2005年度も例年通りブルーリボンシティ・ワンステップとエルガLVがそれぞれ1台と2台導入されたほか、2003年度に引き続きUAワンステップが西日本車体工業製のボディにて3台導入された。
2005年度の新車からシートが新デザイン(京阪バスと共通のもの)に変更となった。

2006年度は、高野営業所は例年通りエルガLVが5台導入されたが、従来より日野自動車製バスを配置してきた嵐山営業所は日野自動車の車種統廃合のため、いすゞ自動車のOEMにて「日野ブルーリボンII」が6台導入された。
また2006年導入車より新短期排気ガス規制車となり、エンジンが排気ガス規制に対応している。

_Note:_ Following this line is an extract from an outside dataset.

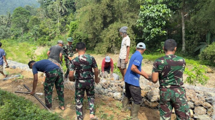 Pemasangan Bronjong Satgas TMMD 126 Perkuat Bantaran Sungai Lebakharjo Cegah Banjir

高野営業所には2006年3月現在67両の車両が配置されている。
大型車が45両(日産ディーゼル33両・いすゞ12両)、中型車が11両(いすゞ大型短尺7両・日野HR9m2両 HR7m2両)、マイクロバスが11両(日野)で、このうちマイクロバス5両が貸切・路線兼用車である。

高野営業所の路線は朽木村・雲ヶ畑・花背など北山の山間部の路線もあり、中型車は19系統と32系統などに、マイクロ車は33系統や37系統、27・29・46系統などで使用されている。

1999年以降の車両はワンステップバスが導入されている。

嵐山営業所には、2006年3月現在67両の車両が配置されている。

所属車両は大型路線車が48両(日野47両、日産ディーゼル1両)、特定(花背山の家)の中型車(大型の9.5m尺)が7両(いすゞ)、貸切がセレガR(9.5m車)1両、セレガR(FD)1両、日産ディーゼル大型車3両、マイクロバスが2両(日野)、京都産業大学シャトルバス専用車が日野2両、三菱車1両、教習車が日野、日産ディーゼル大型車、各1両ずつである。

京都バスは1996年からマイクロバスで貸切バス事業を開始した。
1996年式は2両が貸切専用車、3両が貸切・路線兼用車である。
その後、2000年には1984年式の路線・特定兼用車だった大型車3両が貸切登録となった。

これ以外にも、京都産業大学シャトルバスが貸切輸送で運行されている他、一般路線車が路線貸切に充当されるケースがある。